ESTUAIRE : c’est l’embouchure d’un fleuve ou d’une rivière, ayant tendance à s’élargir vers l’aval et caractérisée par la pénétration de la marée, il dessine dans le rivage une sorte de golfe évasé et profond. C’est le lieu d’affrontement entre les eaux douces et salées, l’eau y est qualifiée de saumâtre. Les abers, rias et fjords sont des formes particulières d’estuaires.
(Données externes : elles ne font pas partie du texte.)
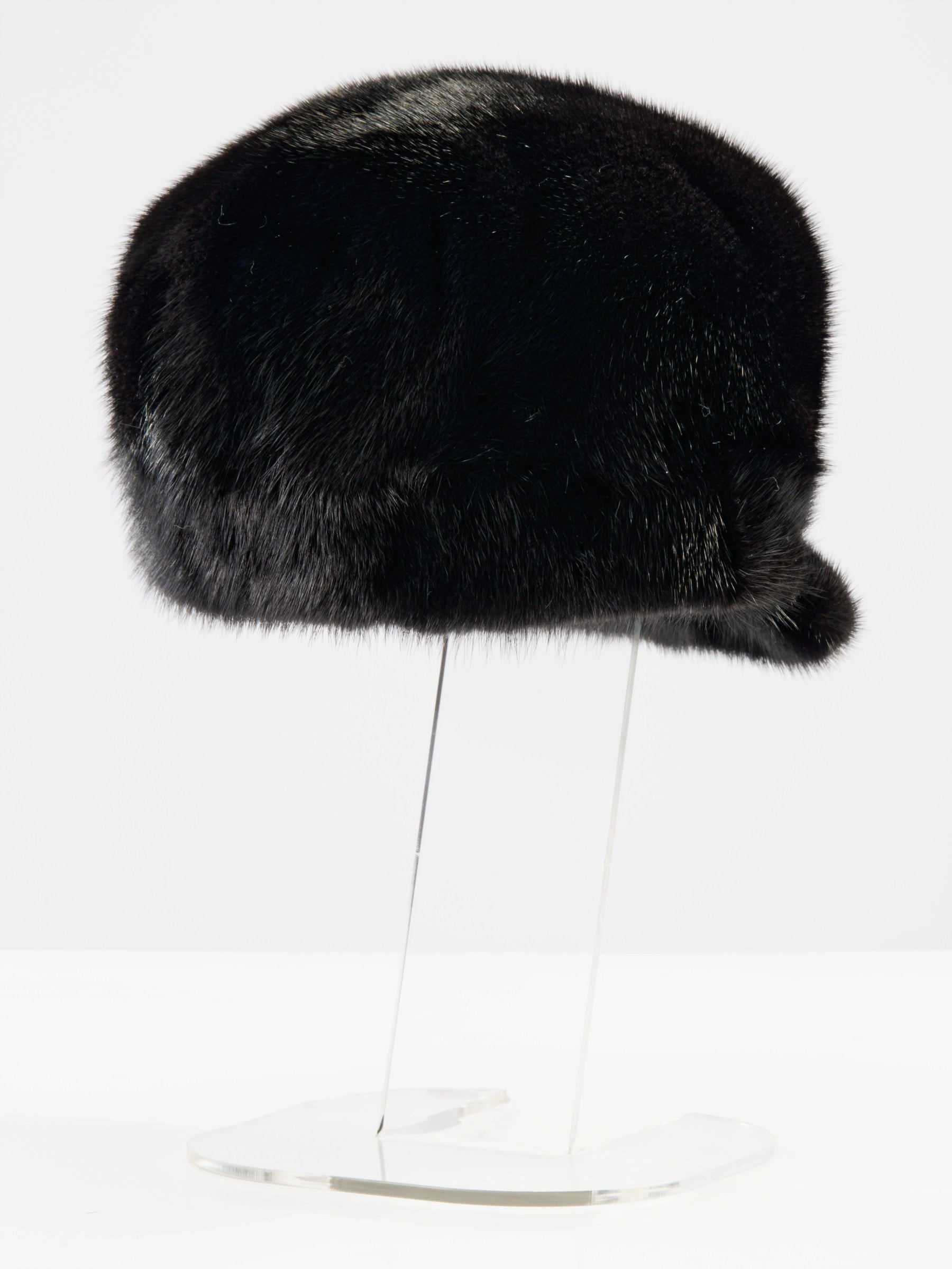 Для создания кепи с широким козырьком мастера использовали стриженый мех норки, окрашенный в черный цвет. Изделие из такого меха не только красиво и приятно на ощупь, но и практично: оно хорошо сохраняет тепло. Его можно носить как в классическом, повседневном и даже спортивном стиле.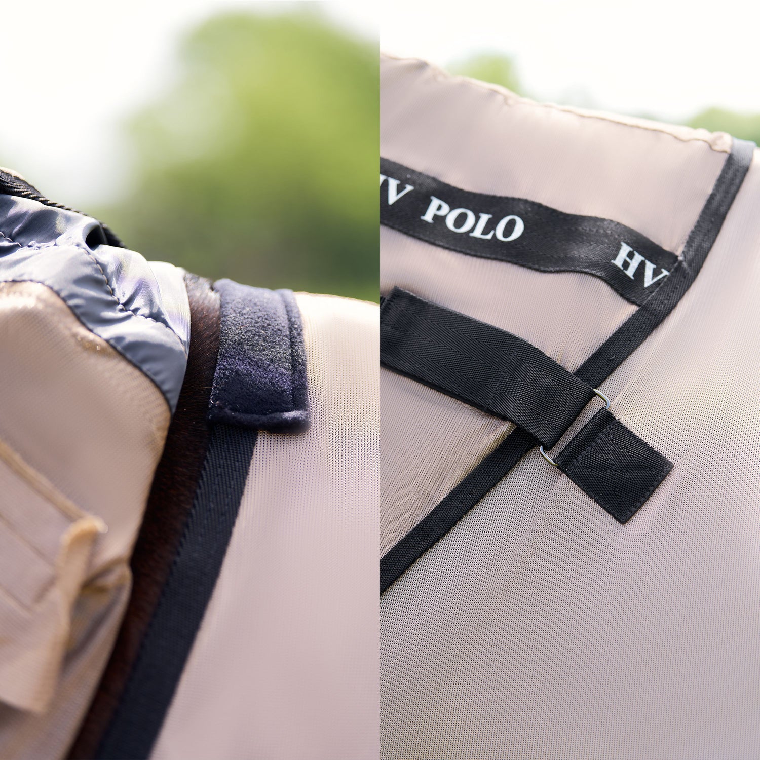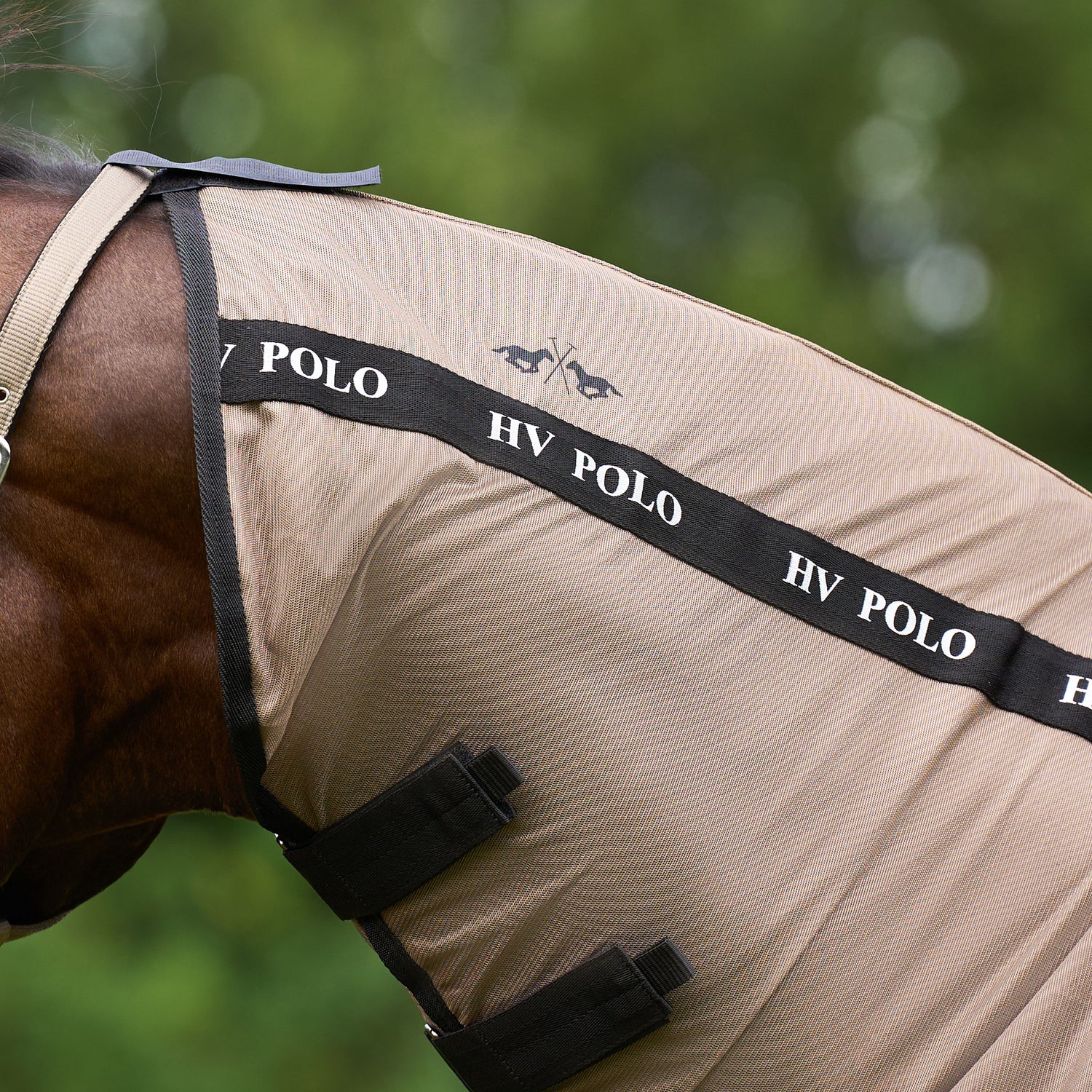 Protect your horse from pesky insects with the HV Polo Nena Fly Blanket. Equipped with a detachable neck and belly flap, this mesh blanket provides comprehensive coverage. The logo print and tape add a touch of style to functionality, keeping your horse comfortable and fly-free in warm weather.

ESTURGEON : c’est un poisson ganoïde, dont la taille peut atteindre 5 mètres pour 400 kg (ce poisson à alors plus de 100 ans), qui vit en mer et va pondre d’avril à juin dans les grands fleuves. Les esturgeons possèdent des caractères archaïques qui en font un groupe à part à l’intérieur des poissons osseux. On en dénombre 26 espèces, la plupart étant représentées dans les eaux russes et asiatiques. Son corps squaliforme est recouvert de 5 rangées longitudinales de plaques osseuses. Il possède une tête cuirassée d’os sous-cutanés. Ses nageoires sont renforcées par des rayons cartilagineux. La bouche dépourvue de dents peut être protractée comme une trompe, elle est précédée de 4 barbillons disposés sur une ligne transversale. Ils se nourrissent surtout de vers marins, de mollusques, de crustacés et de poissons de fond.

ETALE : c’est le nom de la période pendant laquelle la mer ne connaît pas de phénomène de mouvements liés aux marées. On la retrouve entre le flot et le jusant ou inversement. On va appeler ces moments « laisse de haute mer » et « laisse de basse mer ». Sur la côte atlantique française cette période dure entre 10 et 15 minutes.

ETAU DE MONTAGE : il permet de fixer l’hameçon en le maintenant entre ses mâchoires, ainsi il permet de réaliser plus facilement ses mouches, le monteur disposant de deux mains libres. Certains étaux peuvent s’orienter ou tourner sur eux-mêmes afin de présenter les mouches selon les besoins du montage.

ETRIER : c’est le nom de la pièce reliant la palette de la cuiller tournante à son axe.

ETRILLE : c’est un crabe laineux à pattes postérieures aplaties en palettes. Il est très rapide et nage assez bien.

ETUI : c’est un fourreau de protection destiné à recevoir les cannes pendant leur transport.

EUGENE (nœud) : c’est un nœud très facile à réaliser, possédant une bonne résistance, et dépourvu du phénomène de glisse du nylon, il est assez méconnu mais représente un compromis intéressant entre les différentes qualités que l’on recherche pour un nœud. Son inconvénient est sans conteste sa grossièreté, ce qui fait qu’on l’utilise en général pour accrocher des émerillons ou plombs placés loin de l’hameçon.

EURYHALIN : ce terme est utilisé pour qualifier un organisme capable de supporter de grandes variations de salinité (contraire : sténohalin).

EURYTHERME : ce terme qualifie un organisme capable de supporter des grandes variations de température (contraire : sténotherme).

EVED HOOK : cf. hameçon à œillet.

EVENT : appelé aussi « spiracle », l’évent, situé en arrière de l’œil est une fente branchiale surnuméraire réduite à sa partie dorsale.

EXUVIE : c’est ainsi que l’on nomme les carapaces abandonnées par les crustacés pendant leur mue.